Тягин отпрянул назад. Он это предчувствовал. Да, он знал, что именно это будет сказано. Он помнил какие-то обрывки жалких писем, написанных словно в жару, которые догоняли его то под Орлом, то под Курском, то под Полтавой. Он умел защищаться холодом:
— Благодарю вас, Алексей Андреевич, — сказал он с едва заметной долей иронии, — уверены ли вы, что это мой ребенок? А впрочем, вы делаете доброе дело.
Бойко встал.
— И это всё? — спросил он, с каким-то недоверием глядя на Тягина, словно не веря, что перед ним все тот же человек, в сущности — ему подобный. — Сначала — крик о дуэли, пустые слова; потом — испытанный вопрос, который непременно надо поставить. Затем — комплимент. Боже, до чего же мы непосредственны в сравнении с вами, до чего мы безыскусны и нелукавы! Вот уж никогда не думал, что делаю доброе дело.
Он пошел к дверям, пораженный. Нужно ли было ему приходить? Подальше, подальше отсюда… Не нужно было приходить, это был другой мир, ему чуждый, непонятный, даже враждебный, мир холода, иронии, недоверия… Пустых формул, отживших лазеек. Этот человек был другой крови, чем он, Бойко. Когда-то — рыцарство, благородство, а сейчас — так что-то, не совсем продуманное, наспех понятое, чуть-чуть нечистое.
И вдруг Тягин подошел к Алексею Андреевичу и сжал ему руку:
— Не думайте обо мне как о мерзавце, — сказал он. — Вы прекрасный человек, я всегда это знал, и спасибо вам. Не всегда, знаете, легко бывает. Себя не переделаешь. Теперь другие люди на смену идут, с другой психологией. Может быть, лучше будут жить. Вы с ними вместе будете.
— Вы ошибаетесь, полковник, — сказал Бойко. — Я не большевик и никогда им не буду.
Он вышел в прихожую. Тягин остался в дверях и уже не презрительно, не злобно, но как-то печально смотрел перед собой. И красивое лицо его, которое так любили женщины, было сейчас опять и моложаво, и грустно. Бойко медлил.
— Это — девочка. И я думаю, вы должны бы были дать ей имя. Она еще не окрещена, — сказал он.

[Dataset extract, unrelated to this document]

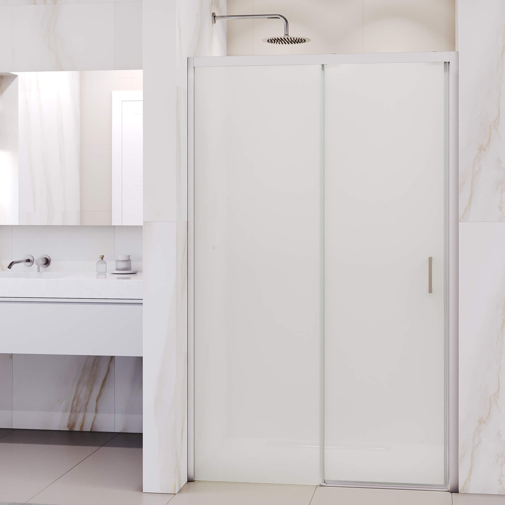 Профиль цвета хром из анодированного алюминия гарантирует прочность и долговечность. Высота двери составляет 1950 мм, а класс утечки 2 предотвращает попадание воды на пол.

Тягин поднял на него глаза.
— Спасибо, что сказали. Елизаветой назовите. Как все это дико, Алексей Андреевич.
— Нет, почему же. Бывает в жизни всякое. В нашей театральной жизни еще и не того навидаешься.
«А мы в поход идем!» — едва не ответил Тягин, но удержался.
— Прощайте, полковник, — сказал Бойко как-то слишком громко. — Желаю вам выжить.
— Прощайте. Спасибо. За Дашу спасибо, — он едва не сказал «за всё», но вовремя удержался: больше всего на свете он боялся быть смешным. Он был обессилен этим разговором, всей этой последней, страшной неделей. Дело, которое он делал, на одно мгновение показалось ему проигранным. Но привычка к мужеству крепко сидела в нем, и в службе — не в жизни — он был строг к себе. Исчезала вдруг эта внутренняя изнеженность, да и думать надо было совсем по-другому, именно так, как он был приучен. Он и не заметил, как Даша оказалась в прихожей. Все было готово к отъезду. Уже два раза приходил вестовой, и денщик успел вынести вещи.
И дом, в котором родилась Даша, показался ей таким грустным и старым, таким давно уже не жилым, когда она ступила за его порог. Это была оболочка, которая отпадала навеки, декорация, которая отодвигалась и исчезала. Да и был ли этот дом — ее домом? И что такое «мой дом»? Где он?